Eu notava apenas suas sombras furtivas, eram todos animais na luta pela sobrevivência, ms alguns tinham mais massa cinzenta que outros. Ou, pelo menos, eram mais bem aquinhoados em selvageria e determinação.
Caminhei com cuidado, sobre as ruínas, alerta para armadilhas e ciladas, ciente dos observadores que poderiam estar emboscados, mas que nunca seriam vistos. Só ao final do percurso foi que me apressei, ansioso em voltar ao calor e ao parco conforto de minha cova, com meu fardo sobre os ombros.
Livrei minhas costas do peso, deixando que a chuva lavasse as manchas de minha pele. Então, estaquei, tenso. Um cheiro estranho me chegou às narinas. Não estava sozinho. Alguém esperava por mim em minha própria caverna.
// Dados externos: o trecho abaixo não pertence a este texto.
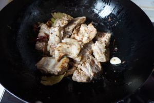 排骨斩成小块儿,凉水下锅水开以后撇去血沫,捞出控水。
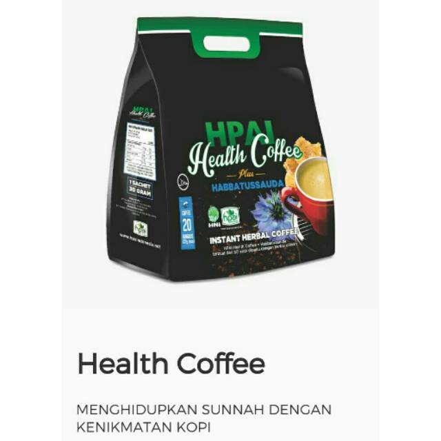 HPAI HEALTH COFFEE plus Habbatussauda adalah kopi yang diracik secara khusus yang kaya manfaat sehingga dapat menjaga stamina dan vitalitas tubuh untuk aktifitas maksilmal setiap hari. Kopi ini terbuat dari biji kopi alami yang dipadu dengan herbal pilihan, yaitu biji habbatussauda, madu, propolis, susu kambing, pasak bumi, dan cokelat.
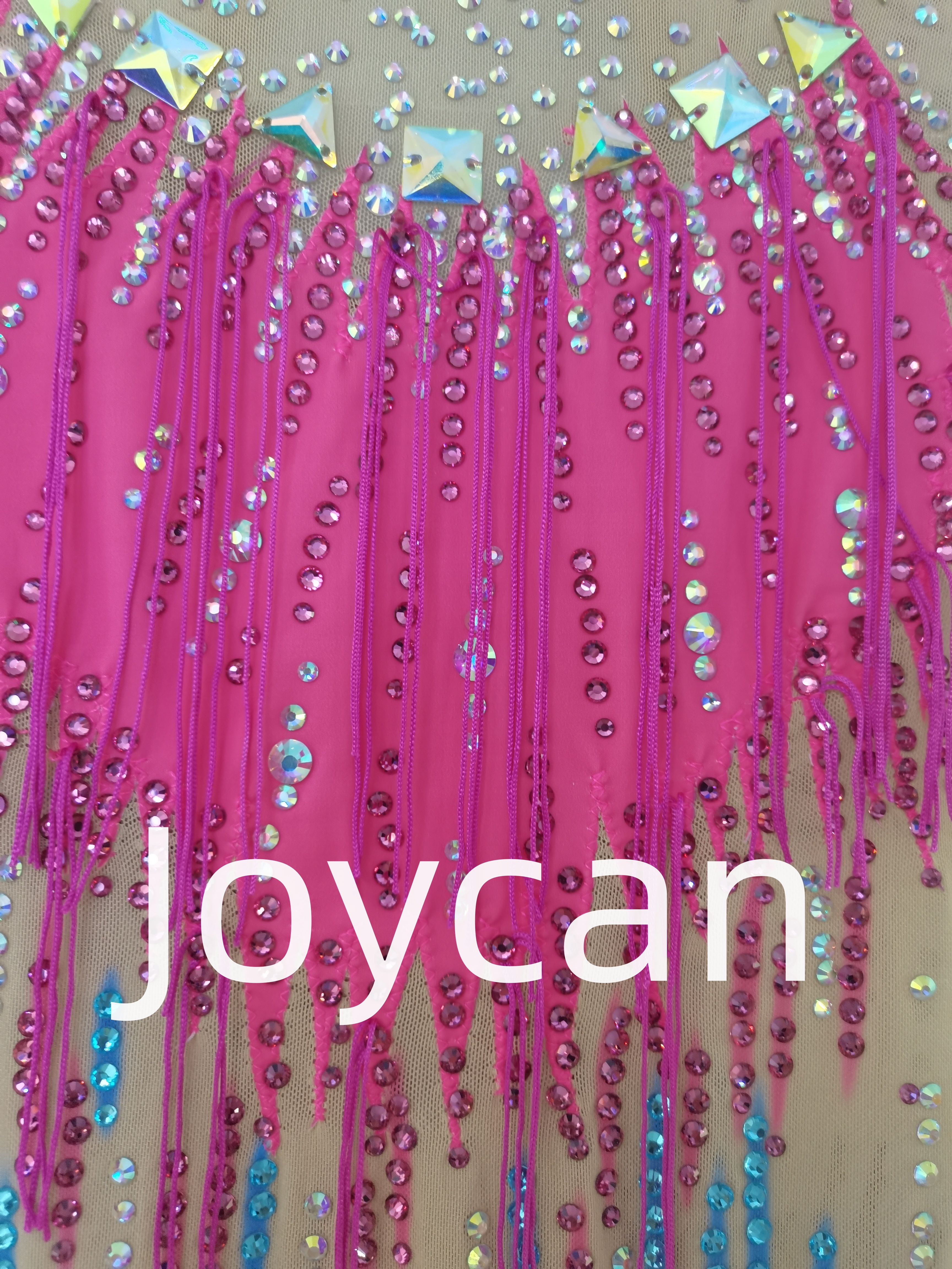 Each piece in this collection is adorned with exquisite triangular diamond patterns that shimmer and shine with every movement. The colored diamonds add an extra layer of flair, reflecting light in a dazzling display that enhances your grace and athleticism. Whether you’re performing a complex routine or simply practicing your skills, our rhythmic gymnastics clothing will make you feel like a true champion.
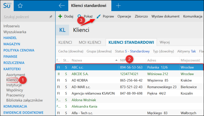 1. Przejść do modułu Klienci, zaznaczyć kontrahenta, następnie kliknąć górne menu Popraw.

Quem quer que fosse, era um tolo. Saber disso já me deu algum conforto. Eu tinha a faca, e possuí-la já era uma vantagem sobre qualquer um que pudesse encontrar, naquele lugar e naquele momento. Armas eram raríssimas, além do simples bordão ou de lanças desajeitadas. Havia outras lâminas, claro, mas a minha era a melhor, na sua categoria. Com ela, podia cortar, apunhalar, arremessar com destino certeiro. Com ela, podia estabelecer uma cortina de morte ao meu redor, contra quem quer que se me deparasse. Ossos já esfarinhados, espalhados pelas fendas e por buracos das ruínas eram a evidência de minha habilidade para caçar, para matar.
Aqui, com minha faca, eu era um rei.
Por isso, não tinha medo de quem me esperava, no meu próprio refúgio, para me despojar do que tinha caçado lá fora.
O paradoxal e irônico da situação era que ele estava esperando por alimento, quando, na verdade, ele próprio iria me propiciar um reforço de meu sustento.
A faca ajustou-se automaticamente em minha mão, tão logo entrei na caverna. O fogo brilhava numa luz vermelha, eu iluminava a figura. Ele levantou-se num salto e afastou-se, ponto alguma distância entre nós dois.
Era um homem, e sorri quando ficou de frente para mim. Sorri e apontei-lhe a faca, dando-lhe algum tempo para ver a lâmina com seu gume ainda vermelho de sangue fresco; e para que ele visse também o vermelho ávido de minha boca.
Ele não falou, não se moveu. Apenas esperou por aquilo que, eu sabia, tinha de ser feito. Com toda a certeza, ele iria encolher-se de medo, ajoelhar-se, implorar. Assustado pelo poder visível que eu exibia em minha mão, completamente desperto para seu inevitável e fatal destino.
Mas ele não fez nada disso.
Na sua mão, o homem empunhava um revólver.